With all the busy Christmas preparations, I just couldn't seem to focus on making a decision.  I'm sure medication fog had something to do with it as well.  For my own sanity, I decided to try and not think about it until the holidays had passed.  Unfortunately for my state of denial, the days whizzed by and the cold hard fact of January hit way too soon.  The past two weeks have felt like a rollercoaster.  Do I really want to do this?  Do I really need to do this now?  What if it doesn't go well?  Where should I go?  How will all the relocation stuff work?   Shouldn't I have an overwhelming answer to the prayers I've been saying?  If I just knew what the "right" thing was, I would do it!!  I know my family supports me no matter what I decide and that is a tremendous blessing.

Having to choose between two good programs presents quite the dilemma.  So far my decision is leaning towards North Carolina.  The Duke team allows some follow-up to be done locally where some other transplant programs will not allow you to be seen outside their program.  Since I wouldn't want to permanently relocate to another area of the country, having a center work well with the one here is a tremendous plus.  From all I can research, the Duke program is one of the best in the country and they do the most CF double lung transplants a year.  They have a good rehab program that helps create better outcomes if you work it hard.  Duke has cleaner air.  Duke feels more "right" even though logistically Stanford makes much more sense.  A couple of cyber cysters have gone to Duke and have had positive things to say about the doctors and the care there, which helps to know as well.

I am grateful for the power of prayer, for the feeling of peace that it brings.  I plan to make my decision then move forward in faith...trusting that if God brings me to it, He will bring me though it.


  1. hey sherri. i am sorry that you are going through all of this - i remember feeling the shock as well. it's weird that no matter how sick we are we never feel sick enough to need a TX. i guess because it is so gradual.

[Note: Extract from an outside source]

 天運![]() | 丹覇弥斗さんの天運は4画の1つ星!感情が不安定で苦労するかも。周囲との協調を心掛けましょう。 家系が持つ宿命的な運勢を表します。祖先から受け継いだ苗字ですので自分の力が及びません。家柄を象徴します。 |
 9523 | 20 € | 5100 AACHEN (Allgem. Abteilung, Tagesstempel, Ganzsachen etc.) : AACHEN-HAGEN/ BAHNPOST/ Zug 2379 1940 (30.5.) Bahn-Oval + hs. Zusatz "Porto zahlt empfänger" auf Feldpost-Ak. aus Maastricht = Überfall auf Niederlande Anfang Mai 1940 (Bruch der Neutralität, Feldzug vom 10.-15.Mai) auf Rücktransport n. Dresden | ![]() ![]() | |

    for me the scariest thing i ever went through (TX) turned out to be the BEST thing that's ever happened to me - (right next to my kids). most of the scary part was me worrying... not actually anything bad.

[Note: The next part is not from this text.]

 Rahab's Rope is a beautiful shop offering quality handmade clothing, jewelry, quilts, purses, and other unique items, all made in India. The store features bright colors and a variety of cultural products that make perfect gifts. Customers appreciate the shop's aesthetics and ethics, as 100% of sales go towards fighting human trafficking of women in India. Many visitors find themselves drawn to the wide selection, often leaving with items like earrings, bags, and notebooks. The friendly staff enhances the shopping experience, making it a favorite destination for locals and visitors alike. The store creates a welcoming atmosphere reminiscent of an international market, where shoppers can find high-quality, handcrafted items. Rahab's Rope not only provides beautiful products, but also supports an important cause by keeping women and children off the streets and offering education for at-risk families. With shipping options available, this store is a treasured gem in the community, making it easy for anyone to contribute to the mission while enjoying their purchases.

    i had mine at stanford, of course, and if you ever have any questions at all feel free to ask me.

    i really do hope you decide to go through with the transplant/evaluation. it is so, so, so, SO beyond worth it in my experience.

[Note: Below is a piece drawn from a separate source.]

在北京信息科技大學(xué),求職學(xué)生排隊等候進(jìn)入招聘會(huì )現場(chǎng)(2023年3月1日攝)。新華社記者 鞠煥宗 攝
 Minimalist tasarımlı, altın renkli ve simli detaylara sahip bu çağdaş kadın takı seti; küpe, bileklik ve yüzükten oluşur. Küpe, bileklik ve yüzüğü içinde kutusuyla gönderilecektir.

    take care sherri - keep in touch

  2. Sherri, you are amazing!! I know you probably don't feel like it, but you are so strong and have so much faith. I want you to know that you are in our thoughts and prayers always. I wish there was something more I could do for you, but I know that you have a strong support system. Just remember, you are never alone, our Heavenly Father is mindful of you, and will always be there to sustain you. Love to you all!

  3. Love you SO much Sherri! It's an unimaginable challenge to go through, but you are worth it. We will do everything we can to help, sending lots of love!

  4. You are strong and can do hard things!! Just look at your life! I am right there with you though. I don't see you as "sick" or that sick(yes as a nurse I see symptoms but they aren't you). It is hard to think that it is time to start the process. I can't even imagine what you are going through. For me it is so frustrating when God gives me the choice on these big decisions when I just want him to tell me what to do. Sometimes we just have to make the choice, have faith, and start the path before the answers and feeling of peace came. We love you and will support your decision. Just an FYI I have always wanted to go to North Carolina and see the ocean there and Maggie doesn't care where you go as long as she can go on an airplane to come see you. BIG HUGS and remember YOU are not alone, we are here to lean on, and my shoulder is always open. we love you!